All agencies must agree before management actions that affect multiple jurisdictions can be initiated. To help achieve consensus, agencies have developed shared fish community objectives for each lake. In the rare instance where consensus cannot be achieved, the plan contains provisions for conflict resolution.

Accountability

Agencies are accountable for implementing joint decisions made under the plan. The plan calls for the production of a decision record through publication of meeting minutes, agency reports, and lake committee reports.

Information Sharing

The plan affirms each signatory agency's commitment to establishing consistent standards for data collection, analysis, access, and sharing.

Ecosystem Management

A guiding principle on the Great Lakes is that the resources must be managed as a whole. To facilitate this approach, the plan links fishery managers with environmental interests. For example, fishery agencies coordinate with those implementing the Great Lakes Water Quality Agreement.

Lake Committees

Lake committees are the primary bodies under which the plan operates. The Great Lakes Fishery Commission first formed lake committees in 1965 to provide a place for information sharing among agencies. When the Joint Strategic Plan was signed in 1981, the lake committees became the plan's "action arms". Agencies, not the commission, appoint their representatives on the committees.
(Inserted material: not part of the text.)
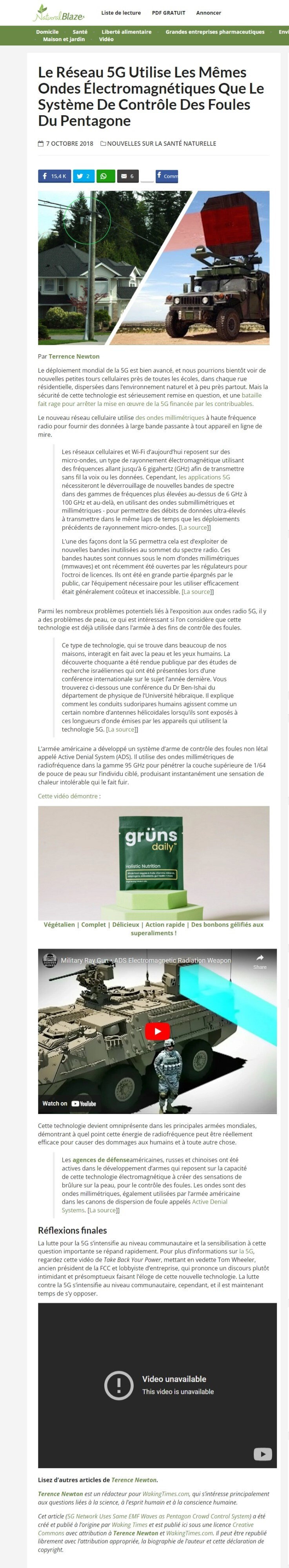 9 : « liste de ces armes, dont les tasers, matraques à électrochocs ou gaz incapacitants, des "inhibiteurs neuronaux qui frappent les personnes d’incapacité, paralysant les connexions synaptiques" ; ... "impulsions micro-ondes puissantes" (HPM High Power Microwave) qui "induisent confusion, stupeur et coma chez les personnes et les animaux". »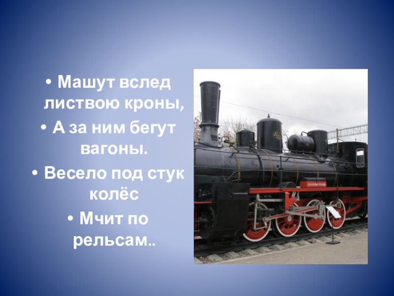 Машут вслед листвою кроны, А за ним бегут вагоны. Весело под стук колёс Мчит по рельсам..

Lake committees comprise senior officials from state, provincial, and U.S. intertribal fishery agencies. Lake committee members develop shared fish community objectives, establish appropriate stocking levels and harvest targets, set law enforcement priorities, and formulate management plans. Each lake committee has at least one technical committee, a field-level body charged with collecting data, producing and interpreting science, and making recommendations to the lake committees.

To address issues of concern to the Great Lakes as a whole, all lake committee members meet as the Council of Lake Committees. Other committees, like the Great Lakes Fish Health Committee and the Law Enforcement Committee, provide specific management advice and information to the Council of Lake Committees. In addition, the Council of Great Lakes Fishery Agencies, consisting of high-level fishery management agency representatives (and non-lake committee members, such as federal agencies), ensures plans are created to address the issues of concern.

Cooperation!

Through the Joint Strategic Plan and the lake committee structure, agencies have worked together for decades to manage the Great Lakes fishery in the most cooperative, effective manner possible.

A few of the many examples of cooperative initiatives through the plan include:

  • Developing shared fish community objectives and state-of-the-lake reports for each lake, as well as environmental objectives.
  • Producing rehabilitation plans for key native species such as lake trout, walleye, and lake sturgeon.
  • Reaching annual agreement about total allowable catch for walleye and yellow perch in Lake Erie.
  • Facilitating multi-jurisdictional agreement about adjusted salmon stocking levels in Lake Michigan.
  • Supporting research to advance fishery management.
  • Formulating a basinwide initiative to tag and mark all stocked salmon and trout, and to analyze, share, and incorporate into management subsequent information.
  • Coordinating law enforcement across boundaries.
  • Supporting invasive species research, control, and advocacy for prevention.
  • Signing a memorandum of understanding/agreement with the U.S. Geological Survey about the collection and dissemination of key prey fish information.
  • Establishing mechanisms to detect, prevent, and manage fish disease in fish hatcheries.